See you on the other side of Sandia!

Back Off, Man!

This is one of my long-time friends back in Wyoming. We worked at the Wyoming Game and Fish Laboratory together, along with David. She’s still there and I’m betting she’ll be Director someday.

That era formed a big chunk of my life. Physiology, wildlife, the community of academic and applied scientists. Like all groups formed around a field of study, we had our jargon, our in-jokes. We once went around a party of Zoology & Physiology types and asked each person there this question: if you saw a dead animal by the side of the road, what would you do with it?

Yeah, see – a lot of you out there are kind of squinting at the screen now and saying, “um, do with it?”

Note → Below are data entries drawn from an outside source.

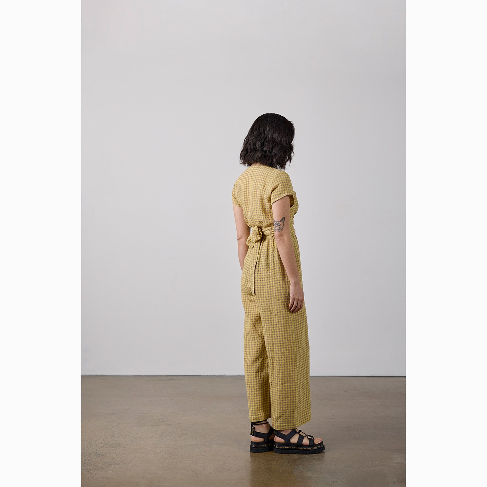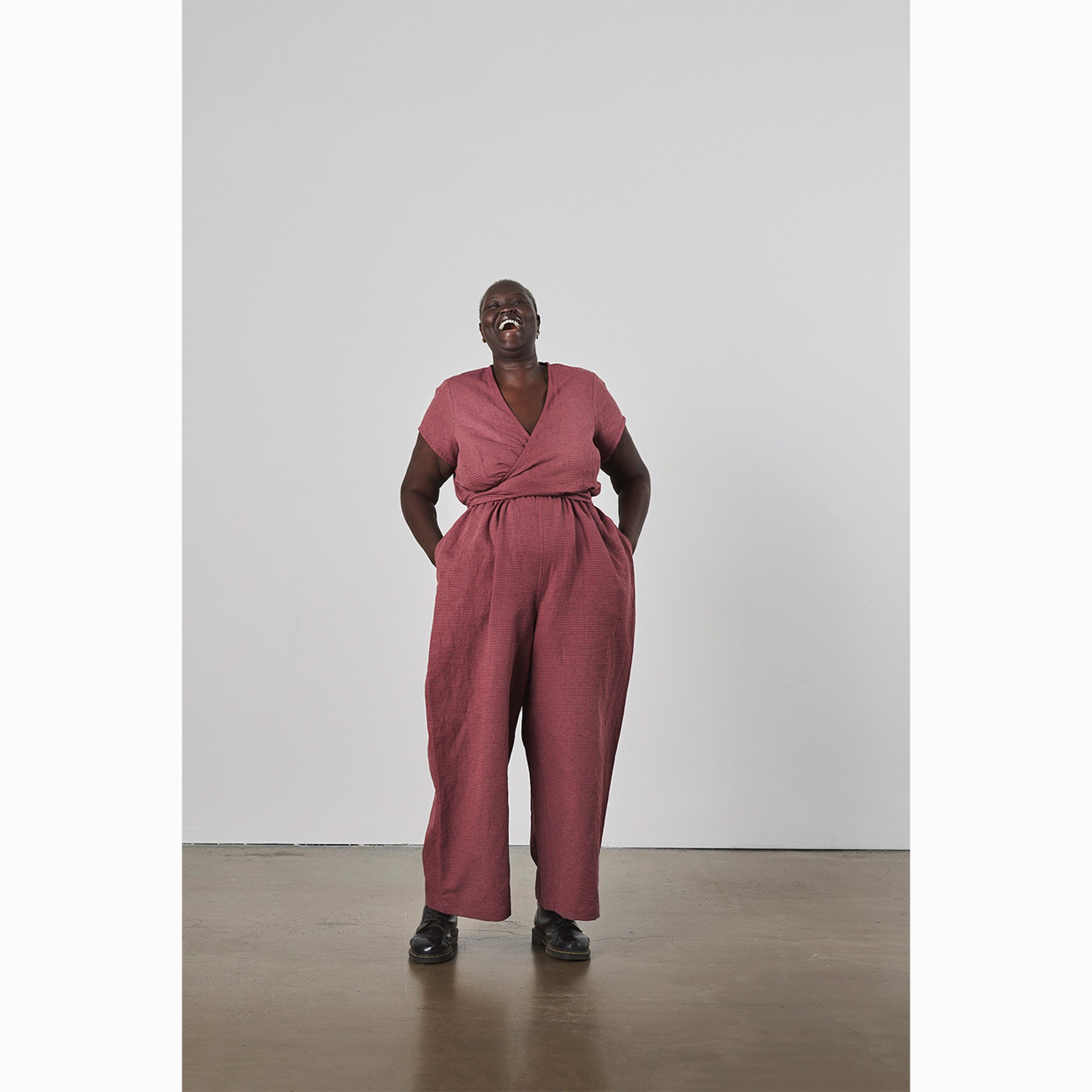 The wide leg jumpsuit comes with inseam pockets and finishes at the ankle, while the dress has an A Line skirt finishing below the knee. Suitable for intermediate sewers and above.
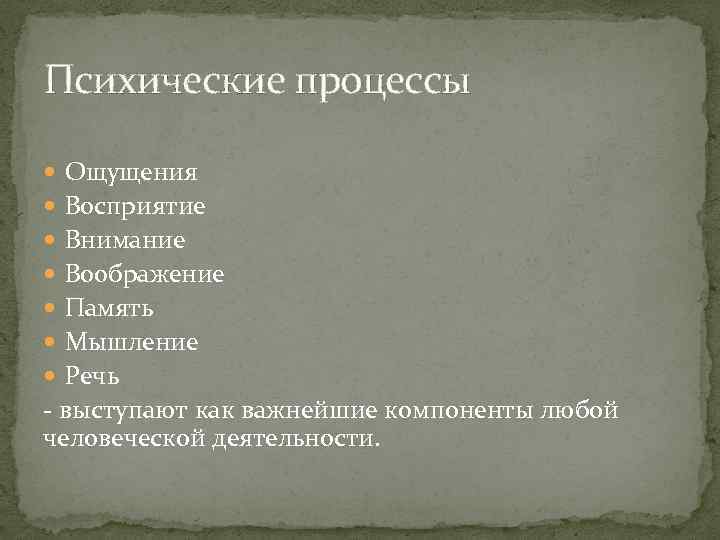 Психические процессы Ощущения Восприятие Внимание Воображение Память Мышление Речь - выступают как важнейшие компоненты любой человеческой деятельности.
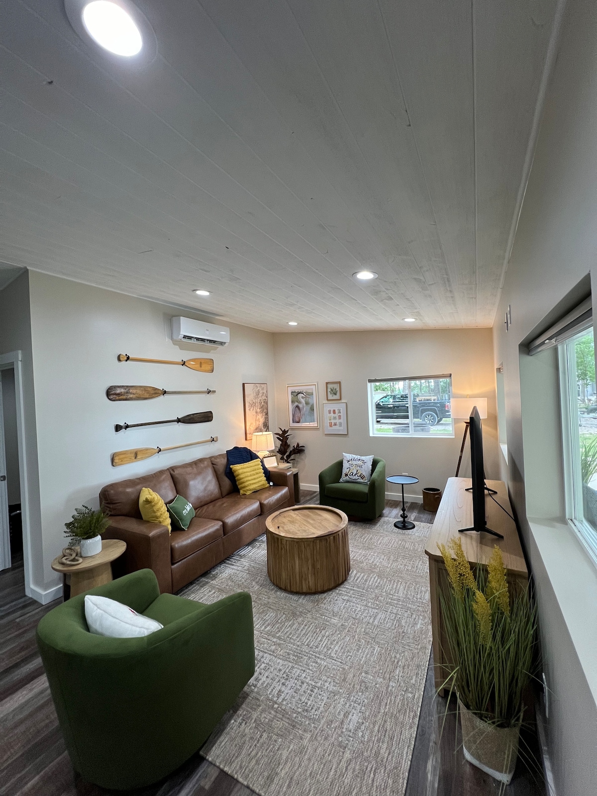 Escape to our stylish lakeside retreat on Lake Centralia! Enjoy a private dock, boat launch, large fire-pit + option to bring up to 3 campers. Our new cabin blends nostalgic camping vibes with modern comfort. Use kayaks, lily pad, 3-person tent, & sleeping bags for outdoor fun. Cozy up by the firepit and savor stunning lake views. Bring your own boat or campers with 3 additional sites with power and water hookups welcome family and friends. Make lasting memories—book your peaceful retreat today!

The only people at the party who did not say “take it home and put it in the freezer” were spouses. For years I had any number of dead animals in my freezers, both at home and in various lab spaces. People sometimes asked me if they could put frozen dead animals in the Physiology lab chest freezers, because we always had extra space.

What? They might come in useful.

I still have a bobcat skull that I spent months cleaning.

At any rate, I thought of this the other day when the HVAC guy came. Don’t ask – just cross your fingers that our heat-exchanger isn’t cracked. He looked at the tag from the gas service showing the very high CO values they’d picked up when we called them and asked me if the gas company had explained what those high values meant. I scrambled for a way to respond and fell back on “We’re both scientists, so…” HVAC guy nodded.

It’s something I want to say sometimes, like when the dental hygienist is explaining in painstaking detail about gum health – and sometimes getting it wrong – that I’m a physiologist and I already understand about epidermal layers. It makes me wish for a t-shirt like my friend’s bumper sticker, back in Wyoming:

BACK OFF, MAN! I’M A SCIENTIST

This classic line, of course, brought to you by Dr. Peter Venkman of the Ghostbusters. Which should tell you right there that it was being used to justify somewhat un-scientific activities.

Still, it’s a great line and an even better attitude.